- **Description of the task**
The records below are to be repeated exactly, and their pictures left out.

::: Data excerpts

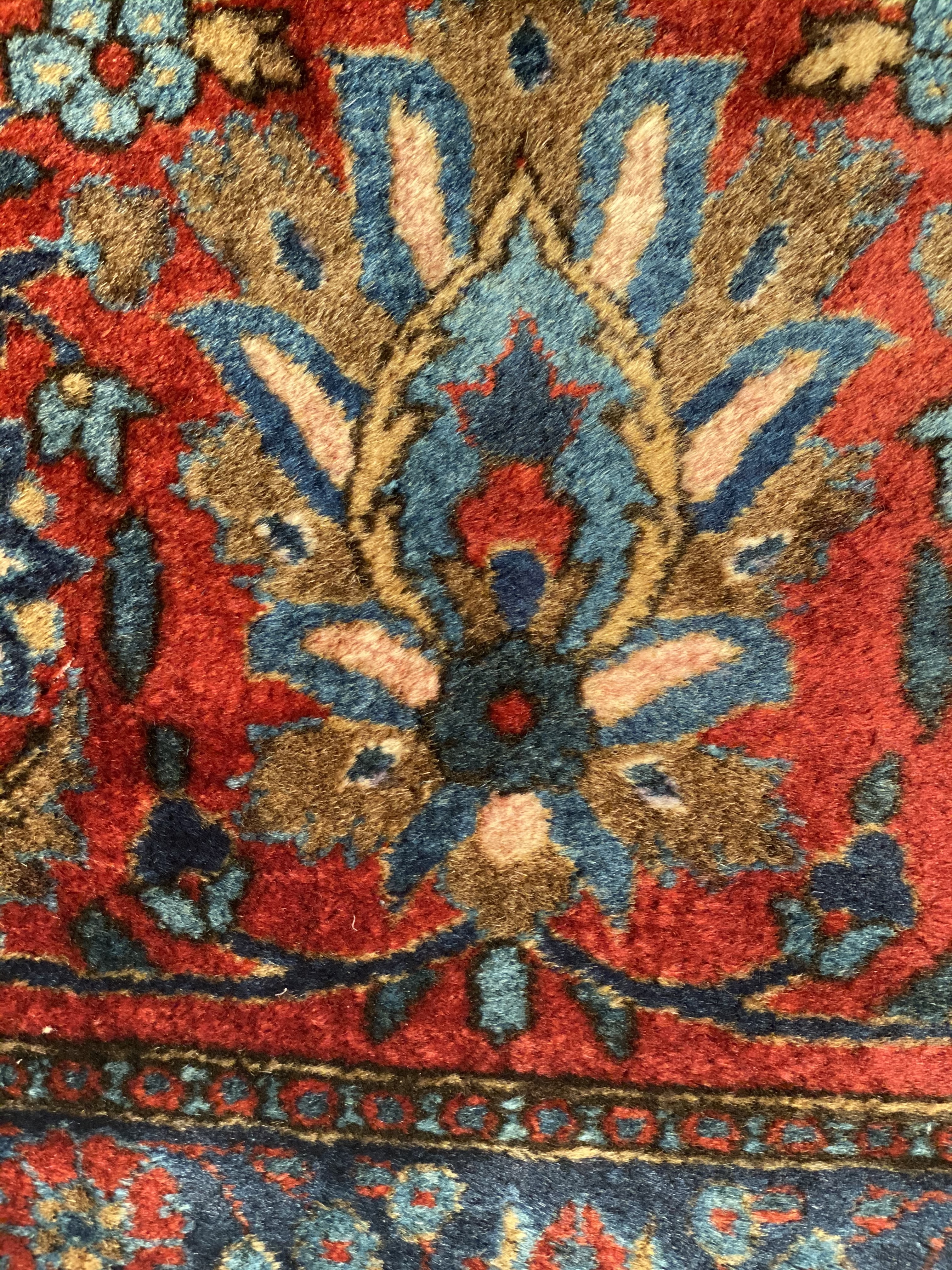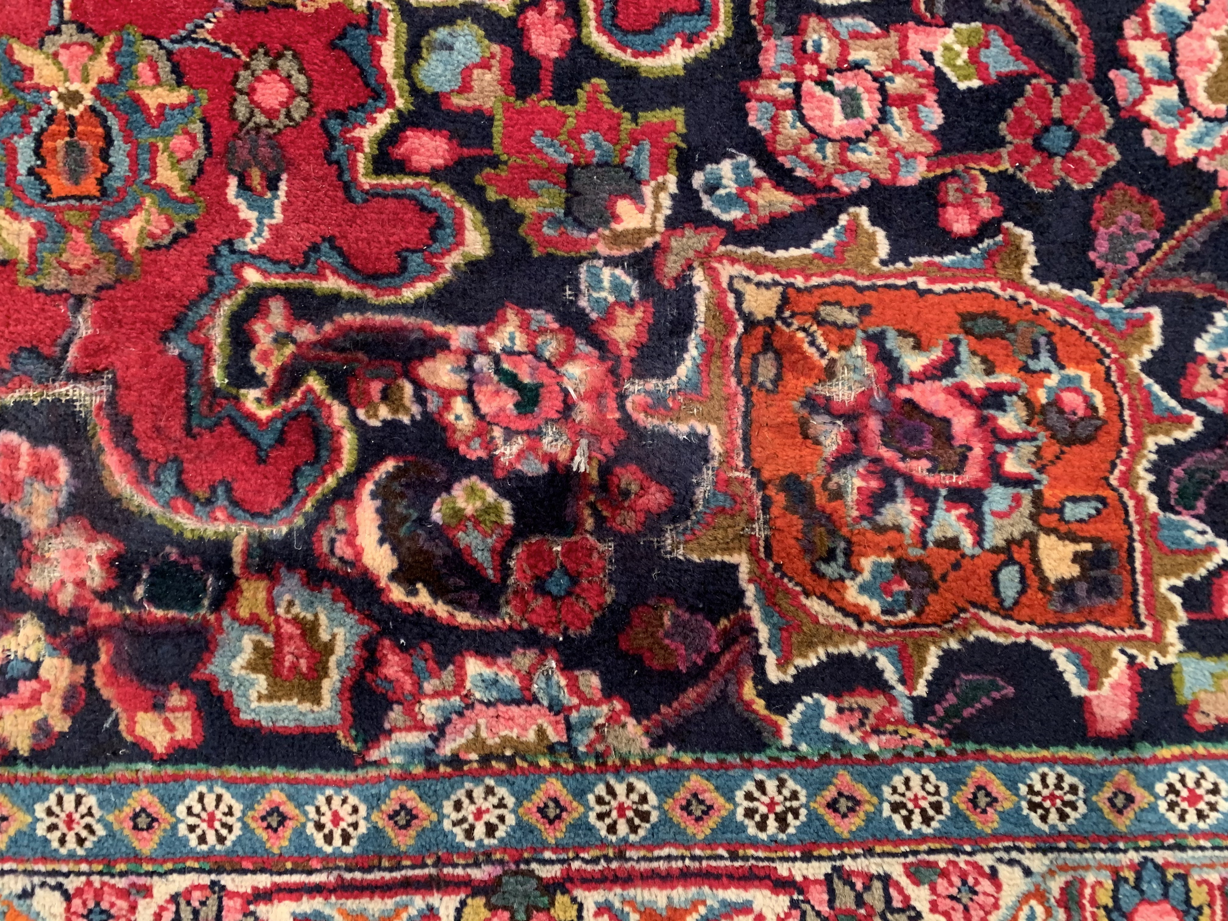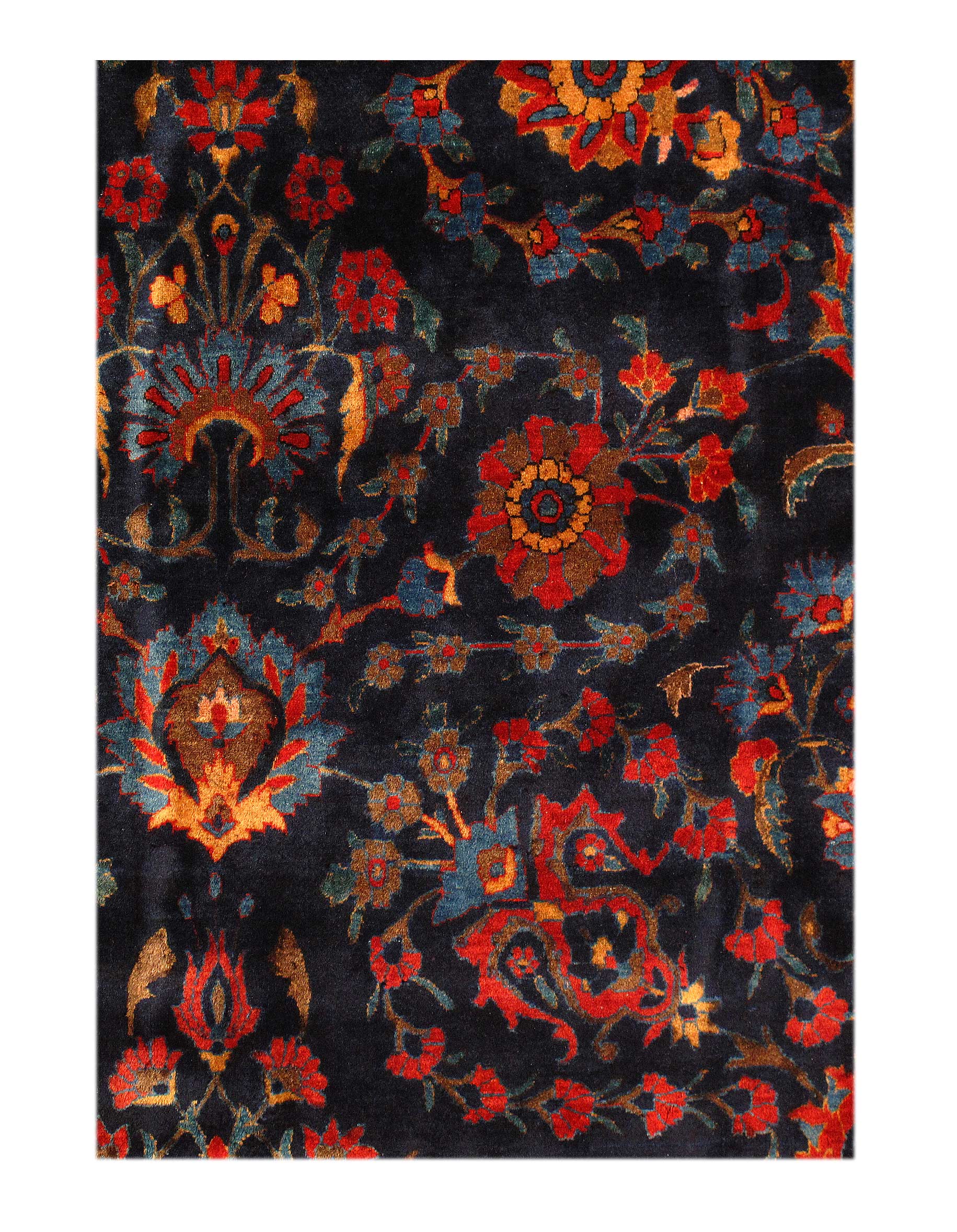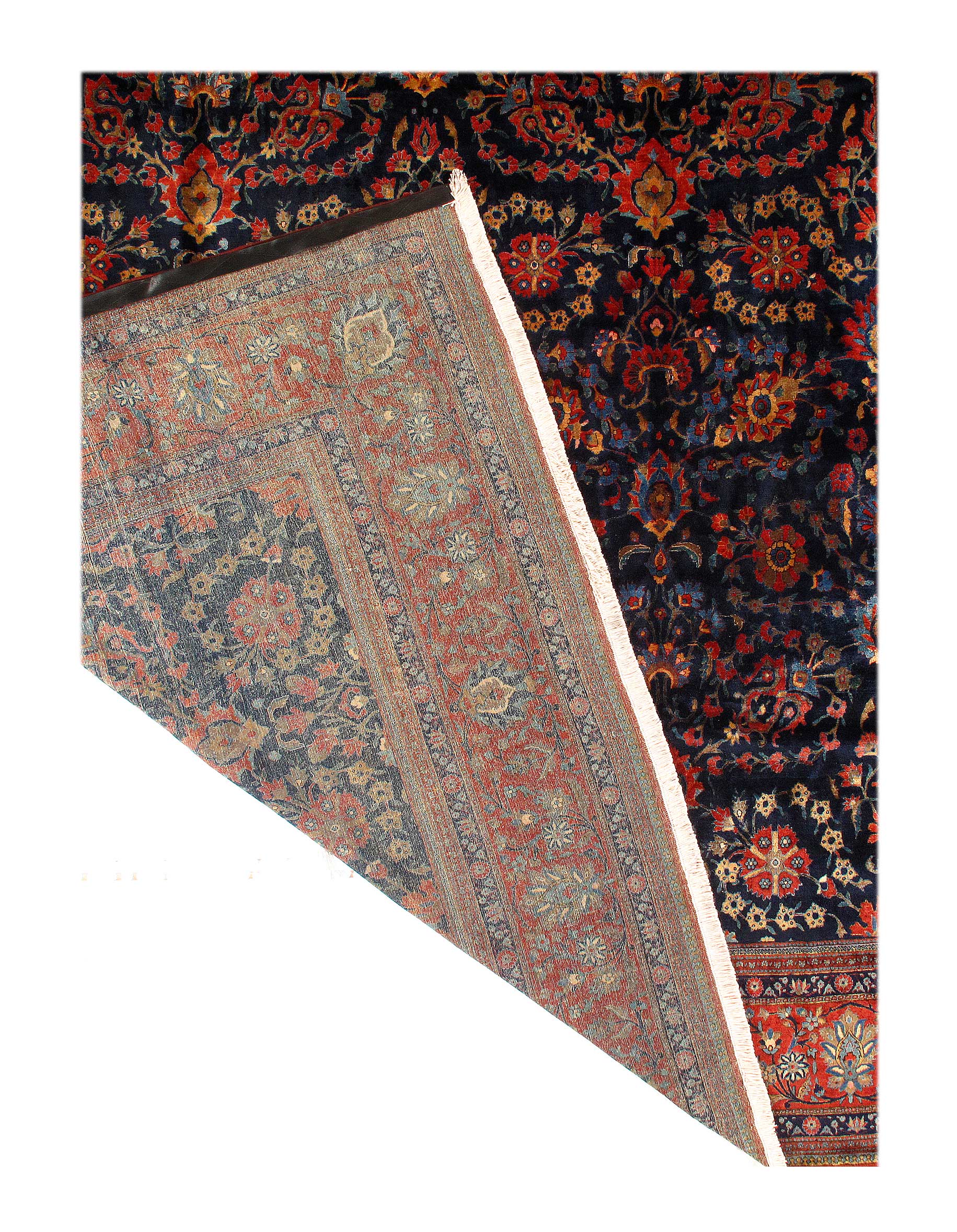 This magnificent antique Persian Kashan has a striking allover design of spiraled vinescrolls. The patterning is cleverly arranged so that the vines seem to suggest a latent circular or crown-shaped medallions. A palmette vinescroll makes up the main border, set against a red ground that contrasts with the deep navy ground of the field, reinforcing a framing of effect for the entire composition. The saturated brilliance of the color is matched by the lustrous velvety quality of the wool pile in the classic Kashan tradition.
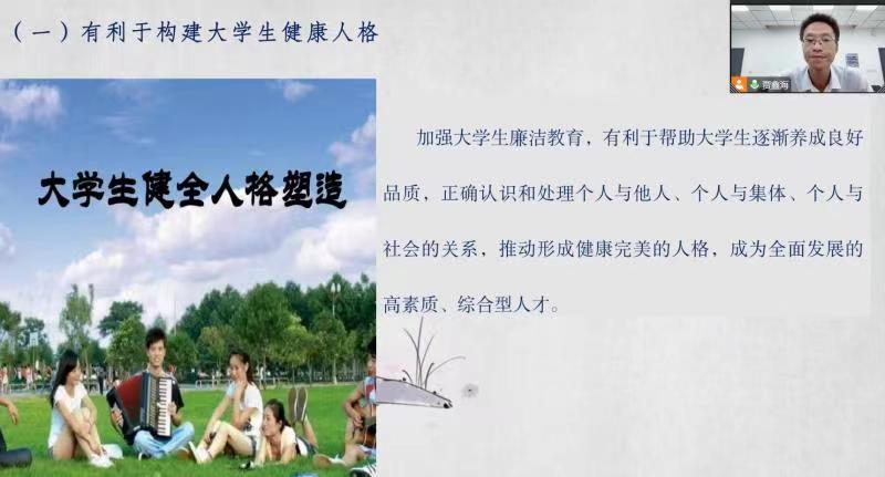 为帮助新生树立廉洁意识,扣好人生第一粒扣子,营造良好的校园廉洁文化氛围,9月14日下午,百合小说 开展新生廉政教育活动,学院专职纪检委员宋健康为新生作了以“廉政教育与校园廉洁文化”为主题的专题讲座,学院 2022级全体本科新生通过视频会议形式线上参会。
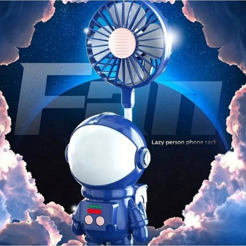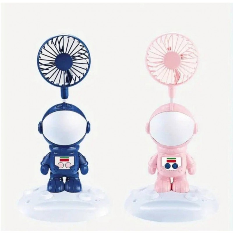 تتميز المروحة بشخصية رائد فضاء ساحرة تقف على قاعدة دائرية ناعمة. مع لونها الأزرق الزاهي المزود بتفاصيل بيضاء وحمراء وخضراء، تضيف عنصرًا من المرح إلى أي غرفة. يُظهر خوذة رائد الفضاء تصميمًا انسيابيًا دائريًا مع سطح أبيض فارغ يضيف إلى جاذبيتها المستقبلية.
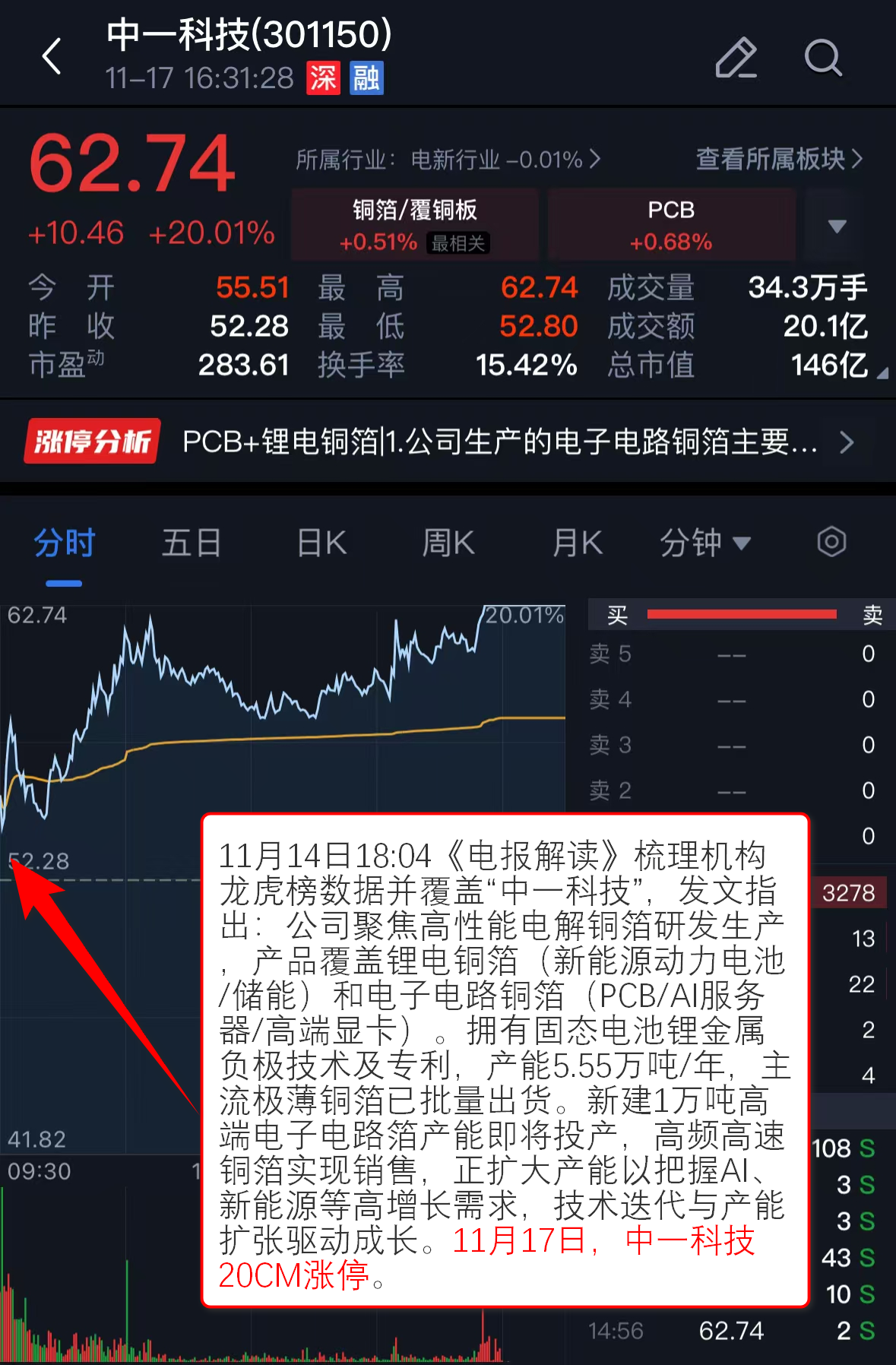 11月14日18:04《电报解读》梳理机构龙虎榜数据并覆盖“中一科技”,发文指出:公司聚焦高性能电解铜箔研发生产,产品覆盖锂电铜箔(新能源动力电池/储能)和电子电路铜箔(PCB/AI服务器/高端显卡)。拥有固态电池锂金属负极技术及专利,产能5.55万吨/年,主流极薄铜箔已批量出货。新建1万吨高端电子电路箔产能即将投产,高频高速铜箔实现销售,正扩大产能以把握AI、新能源等高增长需求,技术迭代与产能扩张驱动成长。11月17日,中一科技20CM涨停。
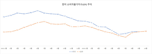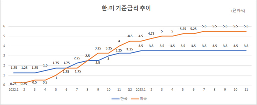 이상형 한국은행 부총재보는 "추가 금리인상에 대한 시장의 우려가 일부 완화됐지만 연준이 인플레이션 목표달성을 위한 긴축기조 유지 필요성(고금리 장기화)을 일관되게 피력하고 있다"며 "통화정책 긴축기조가 장기화하는 등 불확실성 요인이 국내외 금융·외환시장에 미치는 영향에 유의해 모니터링 하겠다"고 했다.
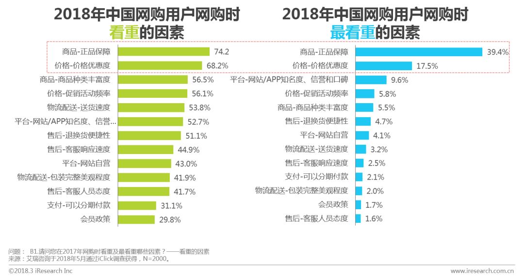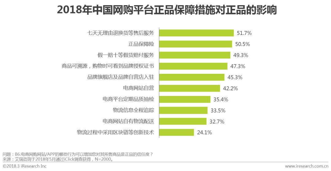 艾瑞调研数据显示,商品的售后赔付服务更能增加用户对平台所售卖商品是正品的信任度,其中七天无理由退换货等售后服务占比51.7%,假一赔十等假货赔付服务占比49.3%;商品是否有正品保障险也是影响用户对正品信任度的主要因素之一;随着消费升级,消费者网购早就由以前一味关注价格便宜、升级为注重商品品质。商品授权、正品保障险、售后保障服务是消费者选择网购平台的最主要因素。
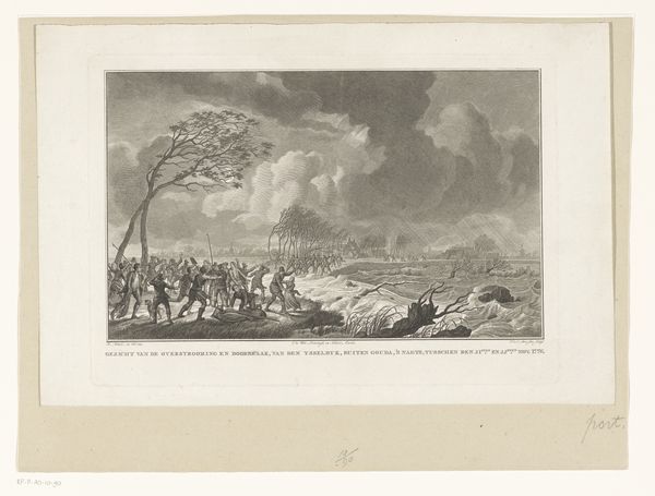 Editor: Here we have Thomas Stothard’s “The Sinking of a Man of War,” from the Tate Collections. It looks like it’s done with watercolor. It's pretty dramatic, I feel like I can almost hear the chaos. What story do you think it's telling? Curator: It’s a powerful scene, isn't it? Stothard, working in a period of significant naval conflict, reflects Britain’s complex relationship with its maritime power. The focus isn’t necessarily on victory, but perhaps on the human cost and the spectacle of naval warfare. Do you see how the smoke almost dwarfs the figures? Editor: Yes, it's overwhelming! It almost makes the sailors seem insignificant. Curator: Exactly! It subtly critiques the glorification of war, highlighting the individual’s vulnerability within these grand, often destructive, displays of power. The image reminds us that even in triumph, there’s tragedy. Editor: I never thought about it that way. So much more than just a sinking ship!
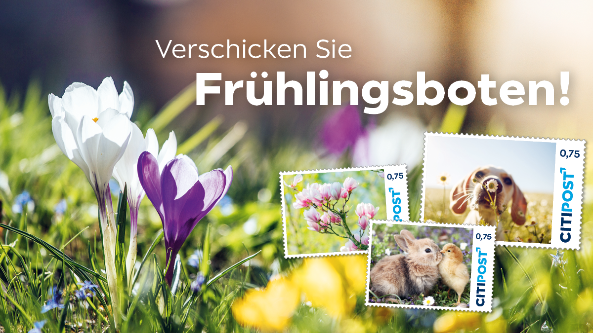 Passend zur Jahreszeit und dem, zumindest derzeit, schönen Wetter hat die CITIPOST die Briefmarkenserie Frühling 2022 herausgebracht. Mit unseren neuen Briefmarken der Wertstufe 0,75 € versenden Sie Ihre Standardbriefe deutschlandweit zum günstigen CITIPOST Tarif.

::::::

- **Response box**
 This magnificent antique Persian Kashan has a striking allover design of spiraled vinescrolls. The patterning is cleverly arranged so that the vines seem to suggest a latent circular or crown-shaped medallions. A palmette vinescroll makes up the main border, set against a red ground that contrasts with the deep navy ground of the field, reinforcing a framing of effect for the entire composition. The saturated brilliance of the color is matched by the lustrous velvety quality of the wool pile in the classic Kashan tradition.
 为帮助新生树立廉洁意识,扣好人生第一粒扣子,营造良好的校园廉洁文化氛围,9月14日下午,百合小说 开展新生廉政教育活动,学院专职纪检委员宋健康为新生作了以“廉政教育与校园廉洁文化”为主题的专题讲座,学院 2022级全体本科新生通过视频会议形式线上参会。
 تتميز المروحة بشخصية رائد فضاء ساحرة تقف على قاعدة دائرية ناعمة. مع لونها الأزرق الزاهي المزود بتفاصيل بيضاء وحمراء وخضراء، تضيف عنصرًا من المرح إلى أي غرفة. يُظهر خوذة رائد الفضاء تصميمًا انسيابيًا دائريًا مع سطح أبيض فارغ يضيف إلى جاذبيتها المستقبلية.
 11月14日18:04《电报解读》梳理机构龙虎榜数据并覆盖“中一科技”,发文指出:公司聚焦高性能电解铜箔研发生产,产品覆盖锂电铜箔(新能源动力电池/储能)和电子电路铜箔(PCB/AI服务器/高端显卡)。拥有固态电池锂金属负极技术及专利,产能5.55万吨/年,主流极薄铜箔已批量出货。新建1万吨高端电子电路箔产能即将投产,高频高速铜箔实现销售,正扩大产能以把握AI、新能源等高增长需求,技术迭代与产能扩张驱动成长。11月17日,中一科技20CM涨停。
 이상형 한국은행 부총재보는 "추가 금리인상에 대한 시장의 우려가 일부 완화됐지만 연준이 인플레이션 목표달성을 위한 긴축기조 유지 필요성(고금리 장기화)을 일관되게 피력하고 있다"며 "통화정책 긴축기조가 장기화하는 등 불확실성 요인이 국내외 금융·외환시장에 미치는 영향에 유의해 모니터링 하겠다"고 했다.
 艾瑞调研数据显示,商品的售后赔付服务更能增加用户对平台所售卖商品是正品的信任度,其中七天无理由退换货等售后服务占比51.7%,假一赔十等假货赔付服务占比49.3%;商品是否有正品保障险也是影响用户对正品信任度的主要因素之一;随着消费升级,消费者网购早就由以前一味关注价格便宜、升级为注重商品品质。商品授权、正品保障险、售后保障服务是消费者选择网购平台的最主要因素。
 Editor: Here we have Thomas Stothard’s “The Sinking of a Man of War,” from the Tate Collections. It looks like it’s done with watercolor. It's pretty dramatic, I feel like I can almost hear the chaos. What story do you think it's telling? Curator: It’s a powerful scene, isn't it? Stothard, working in a period of significant naval conflict, reflects Britain’s complex relationship with its maritime power. The focus isn’t necessarily on victory, but perhaps on the human cost and the spectacle of naval warfare. Do you see how the smoke almost dwarfs the figures? Editor: Yes, it's overwhelming! It almost makes the sailors seem insignificant. Curator: Exactly! It subtly critiques the glorification of war, highlighting the individual’s vulnerability within these grand, often destructive, displays of power. The image reminds us that even in triumph, there’s tragedy. Editor: I never thought about it that way. So much more than just a sinking ship!
 Passend zur Jahreszeit und dem, zumindest derzeit, schönen Wetter hat die CITIPOST die Briefmarkenserie Frühling 2022 herausgebracht. Mit unseren neuen Briefmarken der Wertstufe 0,75 € versenden Sie Ihre Standardbriefe deutschlandweit zum günstigen CITIPOST Tarif.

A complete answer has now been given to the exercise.